Use identities to find values of the sine and cosine functions of the function for the angle measure. $2 x$, given $\tan x=-2$ and $\cos x<0$ \[ \cos 2 x=-\frac{3}{5} \] (Simplify your answer, including any radicals. Use integers or fractions for any numbers in the expression.) \[ \sin 2 x= \] (Simplify your answer, including any radicals.
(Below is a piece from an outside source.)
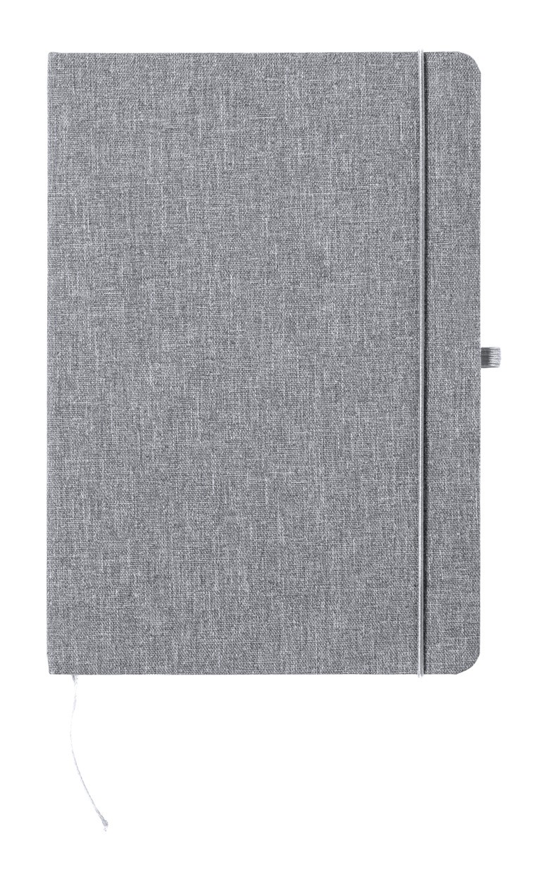 Caiet cu coperta din poliester 300D RPET, cu 80 de foi veline. Cu curea de cauciuc de culoare similară, marcaj și suport pentru pix. Dimensiune A5.

Use integers or fractions for any numbers in the expression.)

Step 1 ：We are given that \(\tan x = -2\) and \(\cos x < 0\).
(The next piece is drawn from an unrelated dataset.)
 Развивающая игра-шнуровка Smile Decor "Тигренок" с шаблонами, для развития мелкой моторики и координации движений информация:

Step 2 ：We can use the Pythagorean identity \(\sin^2 x + \cos^2 x = 1\) to find the value of \(\sin x\) and \(\cos x\).

Step 3 ：Then we can use the double angle formulas \(\sin 2x = 2\sin x \cos x\) and \(\cos 2x = \cos^2 x - \sin^2 x\) to find the values of \(\sin 2x\) and \(\cos 2x\).

Step 4 ：The value of \(\cos 2x\) is \(-\frac{3}{5}\).

Step 5 ：The value of \(\sin 2x\) is approximately -0.8.

Step 6 ：We need to simplify the expression for \(\sin 2x\).

Step 7 ：The final answer is \(\boxed{-\frac{4}{5}}\).